If being organized doesn’t come naturally to your teenager, a paper planner can really help your teenager be more organized.

2. Be Prepared and Set Up for Success

An important part of being organized is being prepared and setting priorities. Once you get your teen started using a planner, help them use it to set priorities and get prepared for upcoming events. For example, you can help your teen track when homework assignments are due. Then they can plan out the time to work on each assignment.

Another part of being organized is being prepared for the task at hand. Have a designated place in the house for homework. When the planned time for homework arrives, help your teen gather their pens, pencils, paper, calculator, schoolbooks, etc. before they sit down. This way they learn to focus on work during work time rather than spend their entire homework time searching the house for supplies, books, and other procrastinating tasks.
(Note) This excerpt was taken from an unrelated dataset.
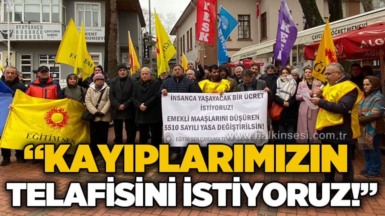 “İnsanca Yaşayacak Bir Ücret İstiyoruz, Emekli Maaşlarını Düşüren 5510 Sayılı Yasa Değiştirilsin” pankartının açıldığı basın açıklamasına Eğitim Sen üyeleri ve emeklilerin yanı sıra CHP Çaycuma İlçe Başkanı Fahri Diler ve Yönetim Kurulu Üyeleri, İl Genel Meclis Üyeleri Ayhan Doğan, Hamdi Akyüz ve Selahattin Ergün, Çaycuma Kent Konseyi Başkanı İsmail İnam, ADD Çaycuma Başkanı Ercan Başar ve Yönetim Kurulu Üyeleri de katıldı.
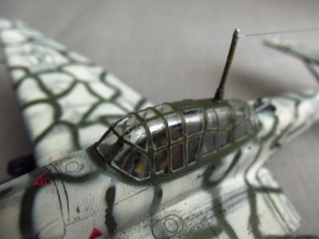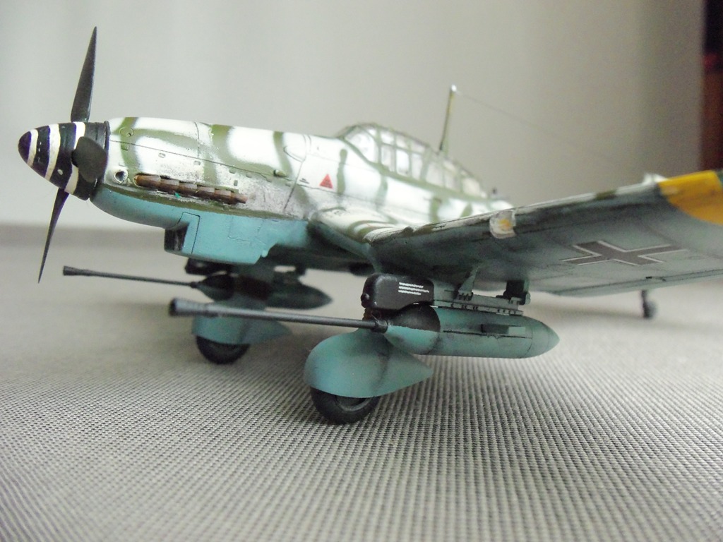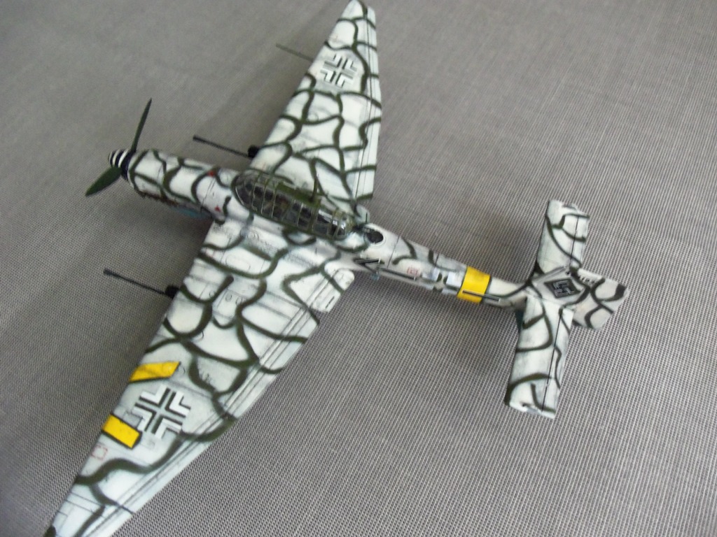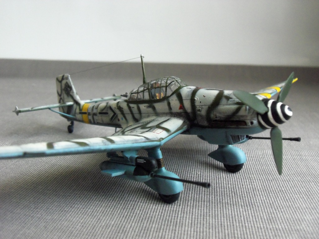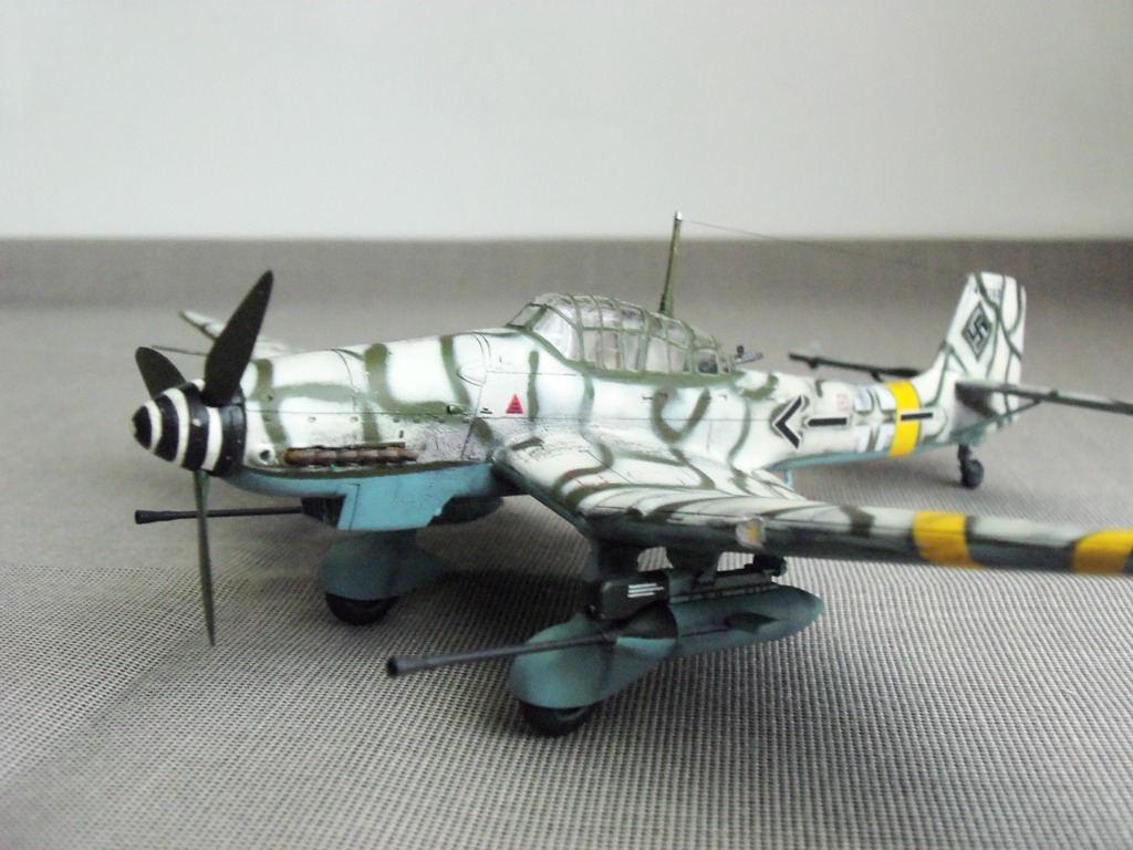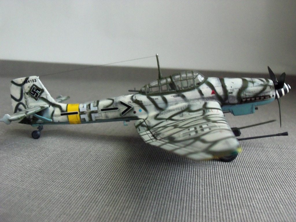 Всем приятного время суток. Хочу показать очередную свою модель Ju- 87G немецкого аса Ханса Руделя. Модель решил сделать в зимнем варианте т.к. на форуме летний вариант уже широко представлен. Модель мне понравилась по сборке,а вот деталировка скудная. Из доработок: наполнил как мог кабину,добавил кресло стрелка, повесил ремни из фольги, доработал пулемёт,натянул антену из чулка,огни сделал жидким канц. клеем.Красил авто эмалями,потом глянц. лак и нанёс деки ,дальше смывка гуашь+ферри и опять лак, в конце задул всё мотовым лаком от АКАН. Жду оценок.

Help your teenager learn to be prepared for their day. Help them create a habit of packing their backpack for school the night before. And washing and packing their sports’ or work uniform the night before it will be needed.

messy room

3. Do a Daily, Weekly and Monthly Cleanout

Organization and cleanliness go hand in hand. It’s not uncommon for teens to have backpacks full of junk and bedrooms full of dishes, papers, and dirty laundry. It’s hard to be organized when you can’t find anything. Help your teen create a habit of cleaning out their bedroom AND their backpack on a weekly basis. You may need to have one massive decluttering at the beginning of this habit. But you and your teen will find that a little daily, weekly, and monthly maintenance of these easily cluttered areas makes a huge difference in their ability to stay organized.

teen doing homework

4. Turn Off Technology to Focus

An important part of being organized is learning to focus on the task at hand. Help your teen learn to focus on school, work, in-person conversations, and everything else in their life. This means turning off the technology. Cell phones should be put away during homework time, school, and work time. And sometimes during social time too. If you want your teenager to be more organized they need to learn to prioritize, focus and to avoid procrastination. There are few things in life more conducive to procrastinating than cell phones.

You also want your teen to learn to prioritize work and school. This means when they are at school they are focused on school. Not on Snapchat or texting or social media. The same should be true of work. It can be hard at first, feeling disconnected from the ever-present phone. But it is such an important skill to learn for life in college and in the workforce. Put away the phone.

5. Set a Good Example

This can honestly be one of the hardest parts of teaching your teen to be more organized. As with most things we parents try to teach, the best way is to teach by example. It’s going to be hard to convince your teen how important organization is when your desk is a mess, you’re always running ten minutes late and you forget important appointments.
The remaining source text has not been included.